II

Enzo followed Paulette Lefevre up the broad stone staircase, sunlight spilling through arrow-slit windows to fall in zigzags across the steps of the old chateau. The swing of her hips was emphasised by the fullness of her calf-length skirt. There was something innately sexual and provocative in it. He wondered if she was aware of it and decided she probably was. In his experience, women were almost always aware of the signals they sent out. Her heels clicked sharply on the stone flags of the first floor landing, then she turned right, through a huge, studded, wooden door, into a vast salon filled with a clutter of old furniture and cardboard boxes. Some of the pieces were covered with dust sheets. An old rocking horse, its paint eroded by time and history, stood in front of an enormous, moulded cheminee, the centrepiece of which was a faded fresco in the process of restoration. Motes of dust hung in the shafts of sunlight squinting in through small windows. Pierric Lefevre looked up from a long, wooden table littered with papers and maps and ancient books with curling yellowed pages. He was riffling through an old ledger of some kind, mottled and stained by centuries of damp.

‘I’ve been going through all this stuff ever since you called. We found most of it, you know, in an old armoire in the east turret when we first bought the place. God knows how it survived.’

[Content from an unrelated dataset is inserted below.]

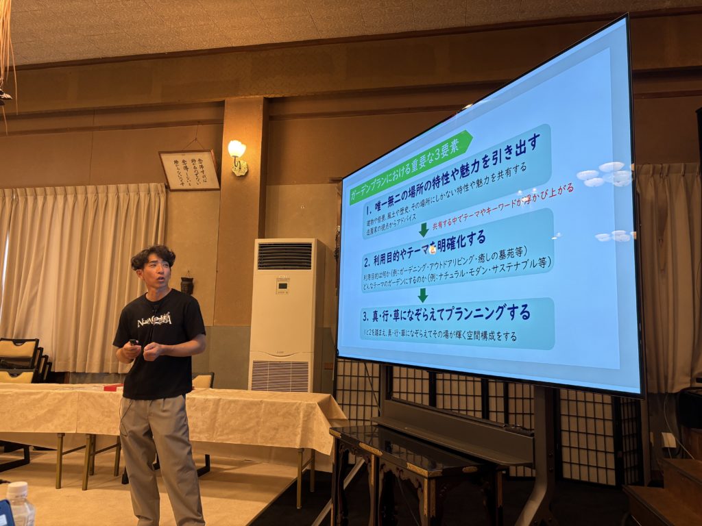 今回は、造成を手掛けた晴照造園の大矢健晴さん(写真)・正蓮寺住職の渡邉元浄さんと一緒に、事例を一般化して参考になりそうなポイントを抽出し、参加の皆さんそれぞれのお寺に戻っても活かせる「目線」を育めるような勉強会になるよう心がけました。

Enzo had seen the photographs downstairs in the great dining hall. Pictures Pierric had taken showing the restoration of the Chateau des Fleurs at all its stages. But it was the earliest photographs which were the most dramatic. There had been no floorboards on the first or second floors, and it had been possible to stand in the dining hall and look straight up twenty-five metres to see torn pieces of sky through the roof.

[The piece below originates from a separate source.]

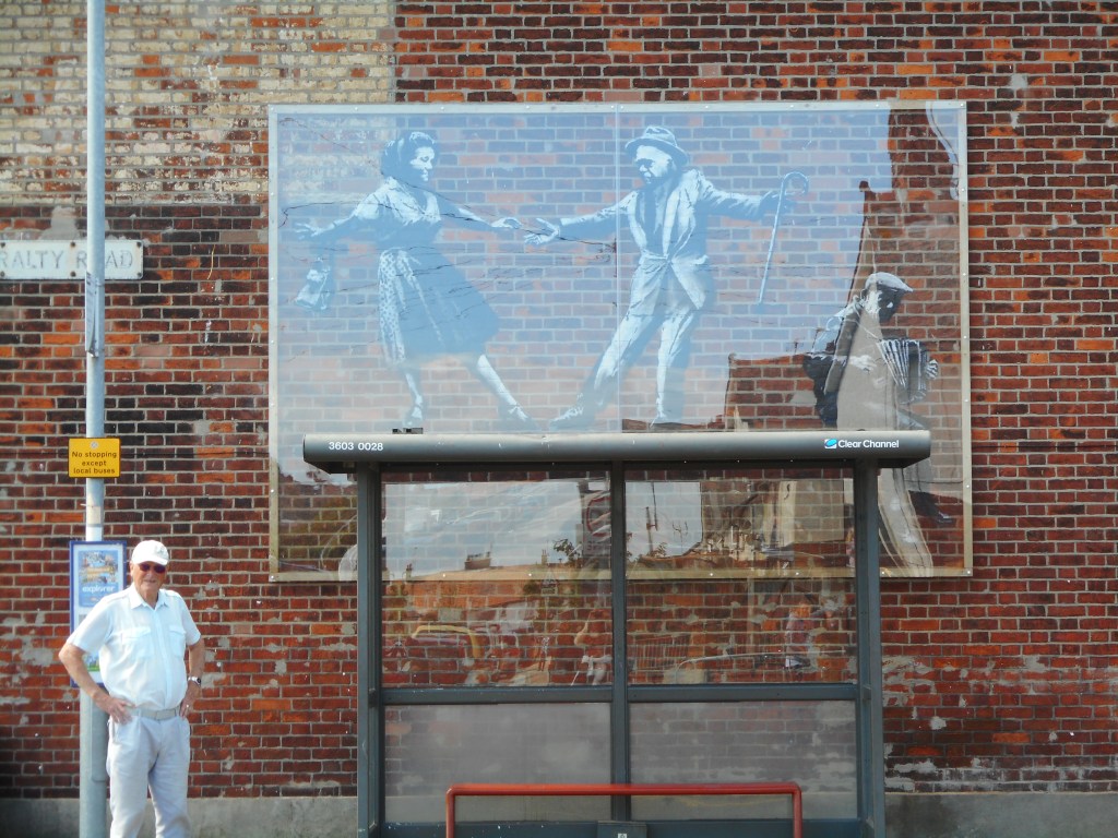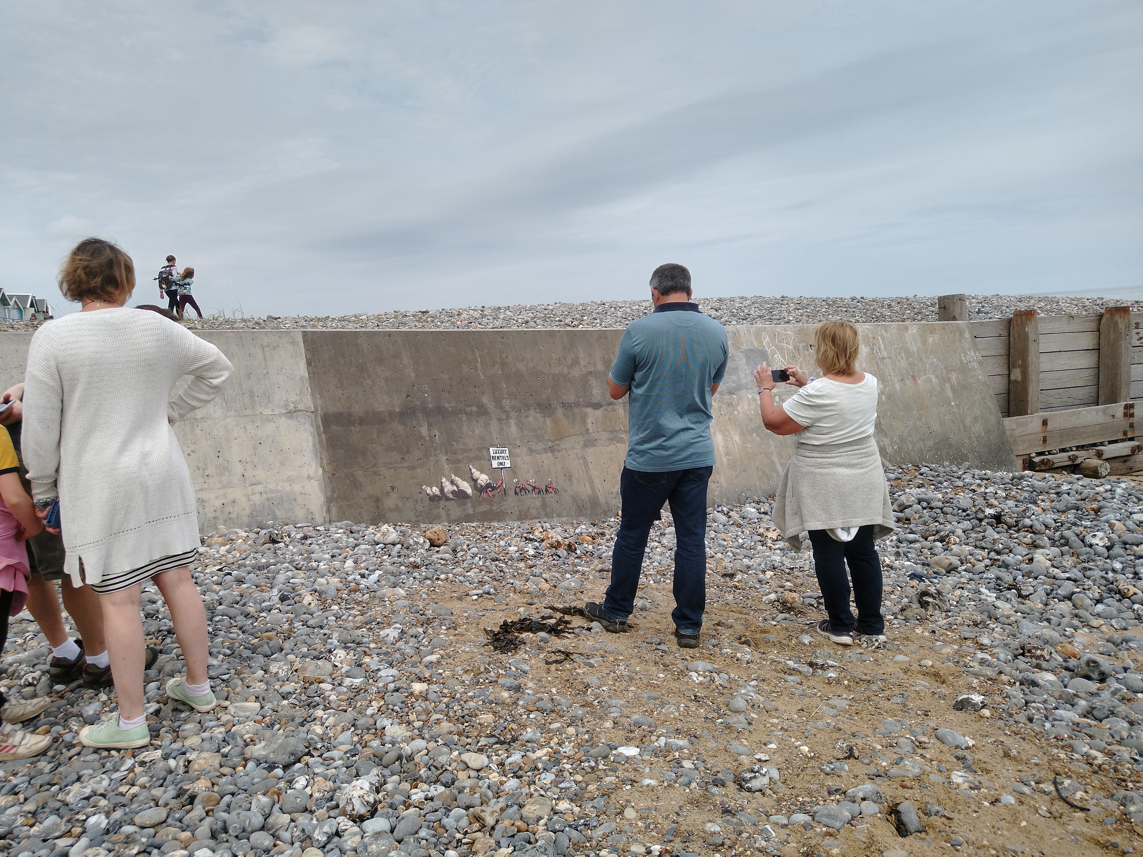 The little boy building a sandcastle was declared “disappointing” by a lady passing by as I look some photographs. I could understand where she was coming from, though it wasn’t Banksy’s fault: the tiles that had been removed to reveal the sand the sandcastle was made from had been replaced and the work now looked unfinished. Still, I found myself in the company of several other art spotters, and it was lovely to encounter some like-minded people.

He approached the table, and Pierric turned the age-brittled tome towards him so that he could see it. ‘I think I’ve found what you want. It’s a kind of employment ledger, listing the estate workers, where they lived, how much they were paid.’ He flipped carefully back a couple of pages, and ran his finger down a list of names written in a flamboyant, old-fashioned French script. The ink had faded considerably and was in danger of being lost in the fog of discolouring paper. ‘There.’ He stabbed his finger at an entry. ‘Georges Petit, estate manager. Lived with his family right across the way there in what is now the gite. Right up until 1789, when his employment was terminated.’

Enzo peered at the final entry, which was dated August 12, 1789. It said simply, Emigre. Emigrated.

‘Probably to the New World,’ Pierric said. ‘A lot of people left France for the Americas at the start of the French Revolution.’

Paulette was regarding Enzo with considerable curiosity. ‘How did you know?’

Enzo took a photocopied wad of papers from his bag. ‘Gil Petty’s curriculum vitae, as presented to the Ordre de la Dive Bouteille, to whom he was obliged to reveal all. He took that requirement literally, it seems. Because in it he disclosed that his interest in Gaillac was not just wine-related. His roots were here. His family had emigrated to the United States, he thought early in the nineteenth century. The name Petty is just a corruption of Petit. His ancestor was Georges Petit who lived, as your ledger attests, in the very gite Petty rented when he came here four years ago. For him it was a voyage of discovery. A man in search of his history. Gil Petty was coming home. Although I doubt if he realised for one moment that he was coming home to die.’